Probably the most profound lessons in philosophy reveals the difference between and idealistic and materialistic views of the world. In the idealistic view, everything is possible, but almost nothing is worth doing. Idealists believe anything they want to, whatever they feel like. They don't test their ideas because, because, in their ideal world, it's not necessary. What's "right" to them is whatever "feels right."

Idealists are suckers for drugs and religion. In the 1970s, I saw a number of otherwise reasonable people from the counterculture go from drugs to extreme religious views. When drugs distorted their perceptions, they thought it was the world that had changed. At the end of long periods of distortions in their thinking, they would go into religious fanaticism. In both cases, drugs and religion, they saw no need to check out their views against reality.

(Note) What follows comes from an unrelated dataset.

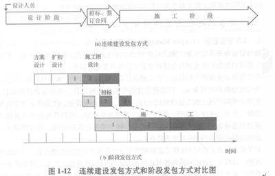 由業(yè)主委托的CM方式項目負(fù)責(zé)人(ConstructionManager,以下簡稱CM經(jīng)理)與設(shè)計單位、咨詢工程師組成一個聯(lián)合小組,共同負(fù)責(zé)組織和管理工程的規(guī)劃、設(shè)計和施工。在項目的總體規(guī)劃、布局和設(shè)計時,要考慮到控制項目的總投資,在主體設(shè)計方案確定后,完成一部分工程的設(shè)計,即對這一部分工程進行招標(biāo),發(fā)包給一家承包商施工,由業(yè)主直接與承包商簽訂施工承包合同。傳統(tǒng)的連續(xù)建設(shè)模式的招標(biāo)發(fā)包方式與階段發(fā)包方式的比較如圖1―12所示。

Learning the difference between fanciful thinking (idealism) and scientific inquiry (materialism) came to me slowly over decades, and I'm still sorting it out in 2015. But I took a sharp turn away from idealism when I gave up my devotion to church, in 1954. I was raised as a Southern Baptist and embraced it fully as a child. I was "saved" and "redeemed" at the front of Baptist church congregations five times. I was thoroughly committed to religion and attended pretty much all the services, but at the same time I had a growing concern and love for humanity, and I found the two increasingly in conflict.

One night, at the ripe old age of 13, I decided to screw up all the courage I could summon and "think about it." It was the bravest thing I ever did, because I sincerely believed that a misstep would led to an eternity of hellfire for me.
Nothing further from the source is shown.